Frankreichs Präsident François Hollande kündigt einen Kurswechsel an. Er will die Unternehmen entlasten und mutet seinem Volk dafür Opfer zu. Er tritt die Flucht nach vorn an, kommentiert der Pariser StZ-Korrespondent Axel Veiel.

Paris - Vorbei die Zeiten, da sich Frankreichs Staatschef seinen Landsleuten als ganz gewöhnlicher Bürger empfohlen hat. Das Land, das in einer außergewöhnlichen Krise steckt, braucht einen Präsidenten, der zu Außergewöhnlichem in der Lage ist. François Hollande hat das verstanden und hat 18 Monate nach dem Einzug in den Elysée-Palast danach gehandelt. Der Sozialist ist auf einen sozialliberalen Kurs französischer Prägung eingeschwenkt. Hollande hat einer unternehmerfreundlichen Politik das Wort geredet. Er hat eine Verringerung der Lohnnebenkosten um 30 Milliarden Euro angekündigt, eine Ausdünnung des Vorschriftendickichts in der Wirtschaft und Einsparungen im Haushalt von 50 Milliarden Euro.

 

Er hat die Konsequenzen daraus gezogen, dass er sein wichtigstes Versprechen nicht einlösen konnte: die bis Ende 2013 verheißene Wende auf dem Arbeitsmarkt. Das sozialistische Hausrezept, der Arbeitslosigkeit mit staatlich subventionierten Jobs zu begegnen, hatte sich in Zeiten leerer Staatskassen als gänzlich untauglich erwiesen. Wenn jemand dauerhafte Arbeitsplätze schaffen kann, dann sind das Frankreichs Unternehmen, die aber aufgrund rekordverdächtig hoher Steuer- und Abgabenlasten sowie einer jeglichen Initiativgeist erstickenden Regulierungswut dazu bisher nicht in der Lage waren. Das ist Hollandes neues Kredo.

Ein gigantischer Schritt

Es scheint ein naheliegender, ja selbstverständlicher Schritt zu sein. Doch für einen französischen Präsidenten, einen sozialistischen zumal, ist es ein gigantischer. In einem Land, in dem das Wort Marktwirtschaft verpönt ist und in dem Unternehmer unter dem Generalverdacht ausbeuterischer Neigungen stehen, ist das politische Bekenntnis zu ihnen revolutionär. Wenn Hollande es abgelegt hat, dann deshalb, weil er nichts mehr zu verlieren hat.

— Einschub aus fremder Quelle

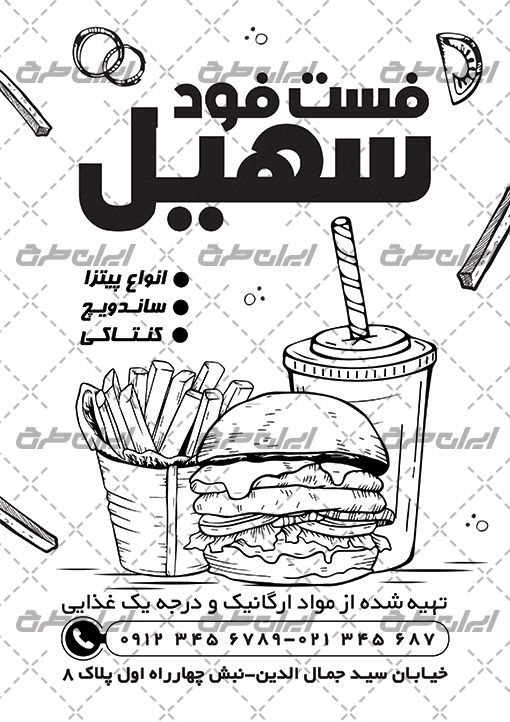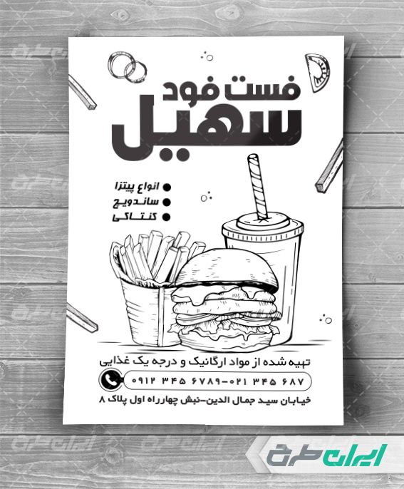 طرح تراکت سیاه و سفید اغذیه توسط تیم حرفه ای ایران طرح طراحی و در دسترس کاربران سایت قرار گرفته است.
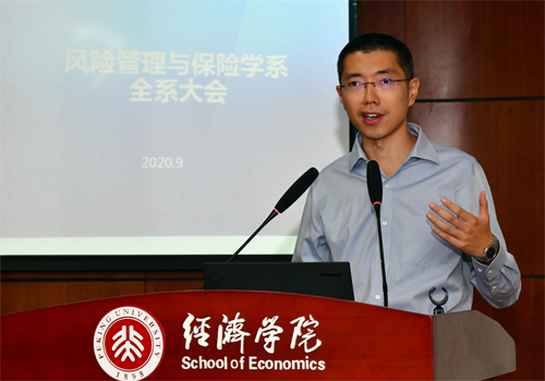 9月25日下午,今年会风险管理与保险学系师生大会暨迎新会在今年会顺利举行。风保系全体教师孙祁祥、郑伟、刘新立、朱南军、锁凌燕、陈凯、姚奕、贾若老师,系行政助理李丽萍老师,风保系本硕博新生及全体在校生齐聚一堂。三位特邀嘉宾——今年会1990级校友王剑、黄建军和郭炜先生出席大会。活动由陈凯老师主持。
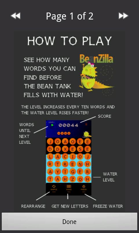 BeanZilla Korea is a boggle style arcade game in Korean! This is a Korean Language version of the popular BeanZilla app - find Korean words by assembling jamo or hagul characters characters. 4 Exciting Boggle games! Play BeanZilla Jamo Boggle or BeanZilla Hangul Boggle and get your score on our global Leaderboard!
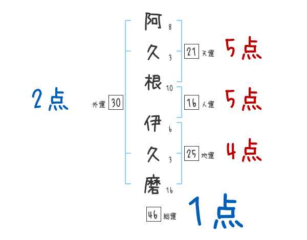 天運![]() | 阿久根伊久磨さんの天運は21画の5つ星!統率力がある。独立し成功する。名誉を手に入れる。 家系が持つ宿命的な運勢を表します。祖先から受け継いだ苗字ですので自分の力が及びません。家柄を象徴します。 |
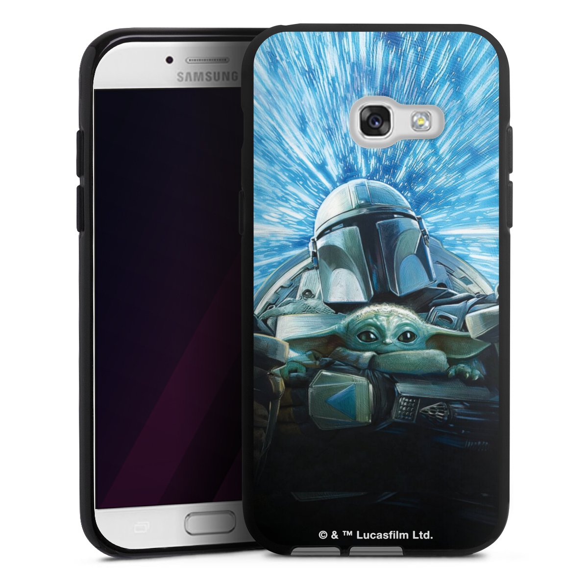 Grogu und Mando fliegen blau

Wie ein Normalbürger hat er sich zu schmerzlicher Veränderung erst durchgerungen, als der Leidensdruck unerträglich war. Nicht nur die Wirtschaft, auch er selbst steckte zuletzt in der Bredouille. Seit Monaten ist er der unbeliebteste Präsident der Fünften Republik, zudem ist ihm sein Privatleben entglitten. Die Enthüllung einer Liebesaffäre mit der Schauspielerin Julie Gayet und der Krankenhausaufenthalt der hintergangenen Lebensgefährtin   hatten dem politisch-wirtschaftlichen Desaster ein privates folgen lassen.

Opfer werden unvermeidlich sein

Mit dem im Elysée-Palast ausgerufenen Kurswechsel hat Hollande einen Befreiungsschlag gelandet, die Flucht nach vorne angetreten. Wenn den Ankündigungen nun auch noch Taten folgen, profitieren nicht nur der Präsident und seine Landsleute davon. Denn was Hollande in dieser Stunde der Wahrheit über Europa und den Rest der Welt gesagt hat, ist nicht minder richtig. Nur ein wirtschaftlich starkes Frankreich findet international Gehör, kann gemeinsam mit Deutschland Europa neue Wege weisen. Eine als reformunfähig bemitleidete französische Nation, ein als Schürzenjäger belächelter Präsident, sind dazu nicht in der Lage.

Die Kluft, die sich zwischen Hollandes europapolitischen Ambitionen und der Wirklichkeit aufgetan hat, legt hiervon eindrücklich Zeugnis ab. Bleibt zu hoffen, dass Frankreichs in der Vergangenheit durch heftigen Zickzackkurs Verwirrung stiftender Staatschef nicht einknickt und dass seine Parteifreunde im Parlament, Frankreichs Linke sowie die Bevölkerung die Wende mitmachen. Denn auch wenn sich Hollande gehütet hat, von schmerzlichen Opfern zu sprechen – sie sind unvermeidlich. Die Zeiten, da Frankreich ein Drittel des im Lande Erwirtschafteten in Sozialleistungen stecken konnte, sind vorbei. Auch in Frankreich dürfte der makroökonomische Fortschritt mit sozialem Rückschritt erkauft werden. Hollande hat mit dem Mut der Verzweiflung eine Kurswende eingeleitet. Am Ziel ist er noch lange nicht.